Interestingly a powerful ‘graft-versus-leukaemia’ effect develops after transplantation in which the donor immune system recognises remaining leukaemia cells as ‘foreign’ and kills them. This immune reaction is crucial to a transplant’s success. For the first time, the University of Birmingham researchers will examine these immune responses in the first few days after transplantation, leading to a better understanding of how they are generated.

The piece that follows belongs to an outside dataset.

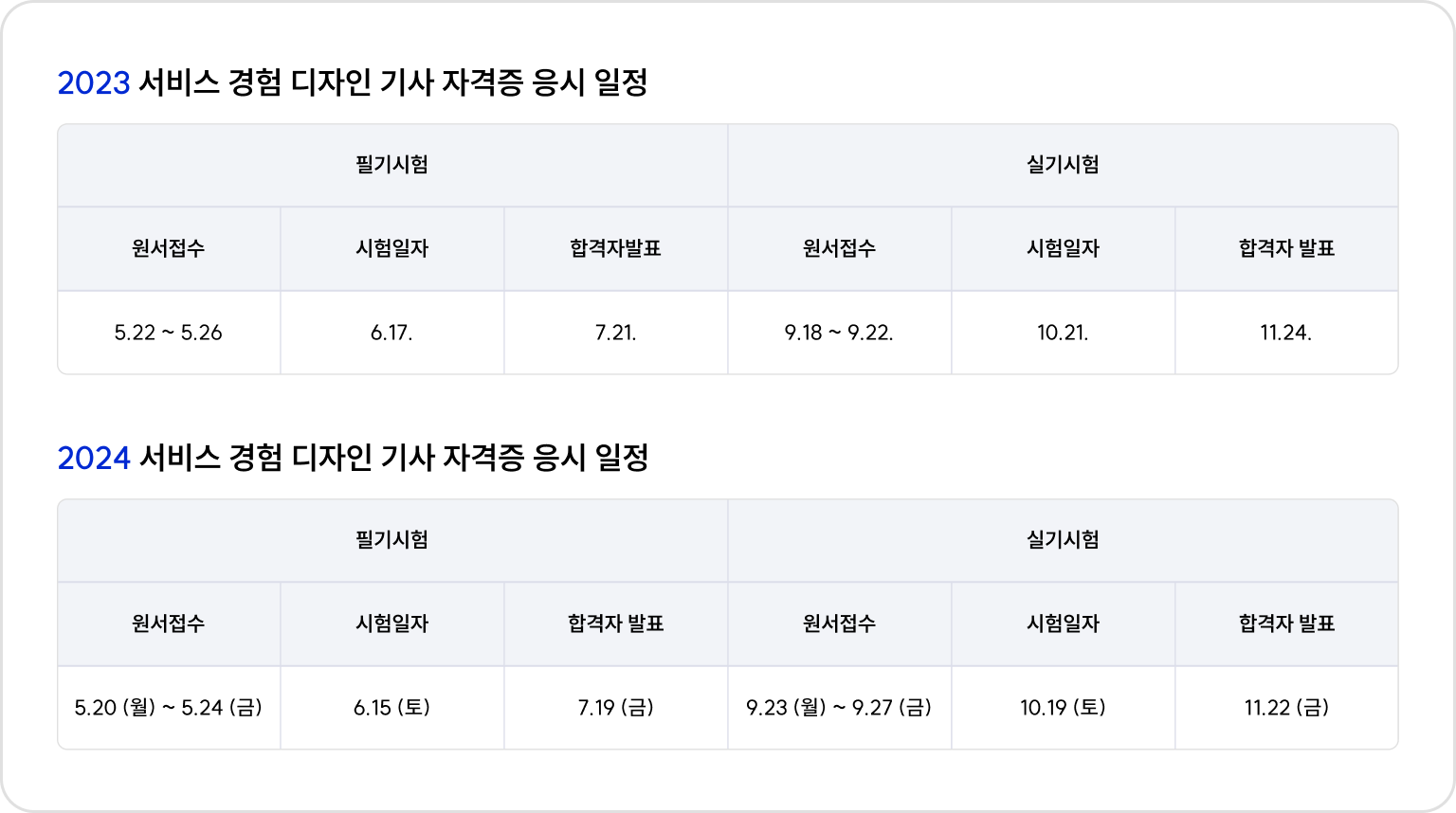 2023년에 시행한 제 4회 서비스·경험디자인기사 자격 시험의 일정과 이번 년도에 시행한 제 5회 시험 일정을 비교해보면 내년 자격 시험의 일정을 예상 할 수 있습니다.
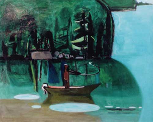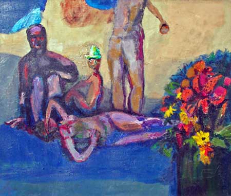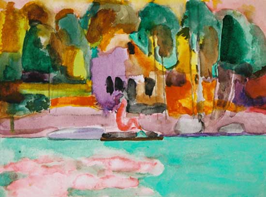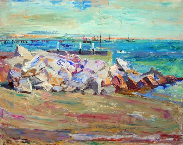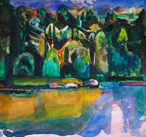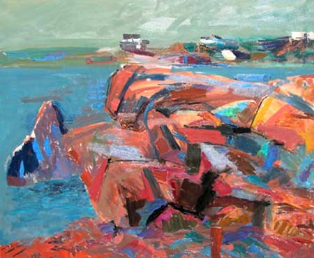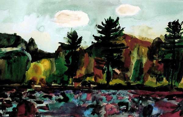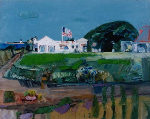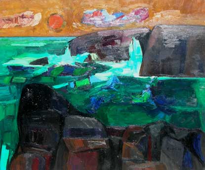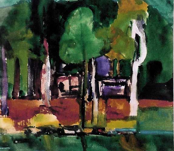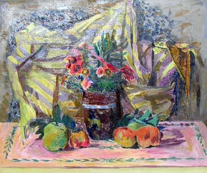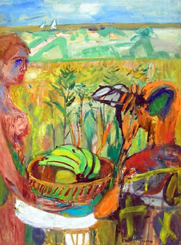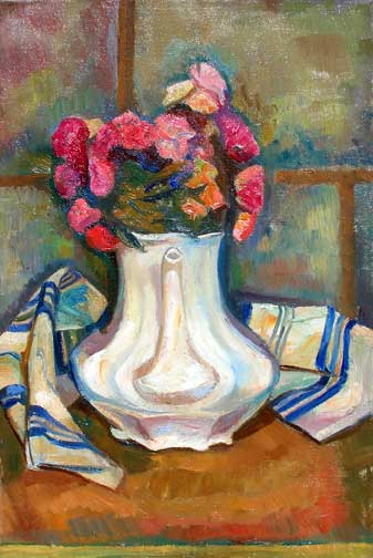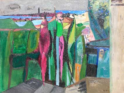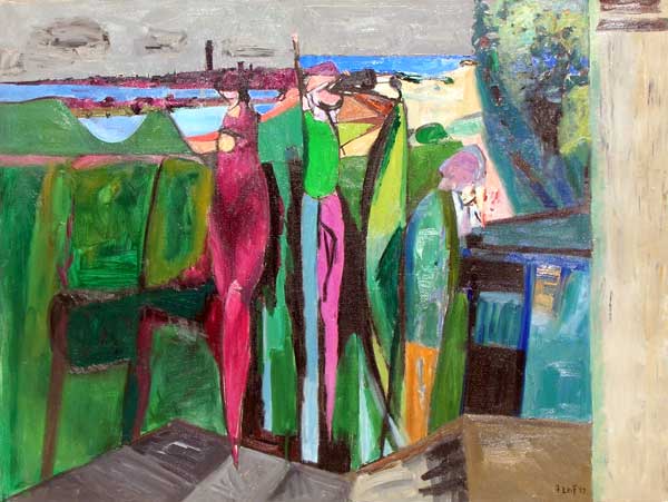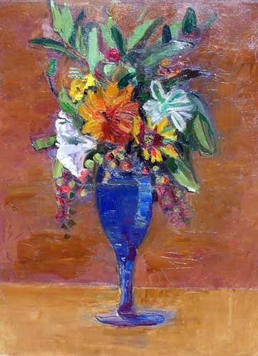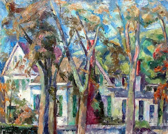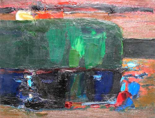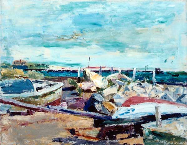 By the 1950's Florence Leif (1913 - 1968) settled into a “modern” period producing bold canvases and watercolors with slashing brush strokes and pulsating color. Profoundly influenced by her travels through Europe and a lifetime of exposure to innovative Provincetown painters, Leif left behind her traditional past and embraced the spirit of painterly experimentation. American modernists such as John Marin dominated the art scene advocating a fresh perspective in painting moving toward a highly personal and dis-associative view of nature. Leif took on this challenge creating a world on canvas of velvet twilights, ethereal figures and gothic landscapes. Whether Leif stained, carved out, or built up her surfaces with paint, she stands out a great colorist throughout her career particularly evident in her flower and still life studies that will be on view. Her remarkable work distinguishes her from fellow Rhode Island artists both in subject matter and style.

In addition, the researchers have developed a way to vaccinate the healthy stem cell donor with proteins that can generate anti-leukaemia immune cells. If the donor’s immune system can be ‘primed’ to recognise cancer cells before transplantation, the graft-versus-leukaemia effect will be greatly improved. If preliminary trials are successful, the technique will become available to transplant patients in clinical trials
As well as boosting the graft versus leukaemia effect, the project will focus on reducing side-effects of transplants by improving donor-patient genetic matching. Currently a stem cell donor is chosen that has similar immune-related genes to the patient, but it is not possible to achieve a perfect pairing. This means that the new donor immune system has genes that are slightly different from the patient’s. This enhances the graft-versus-leukaemia response but can also lead to side-effects if the new immune system attacks the patient’s tissue.
Professor Paul Moss of the University of Birmingham said: “This project will enable us to select better donor and recipient combinations, and to predict and intervene early in patients in whom we expect graft versus host disease to develop.” ".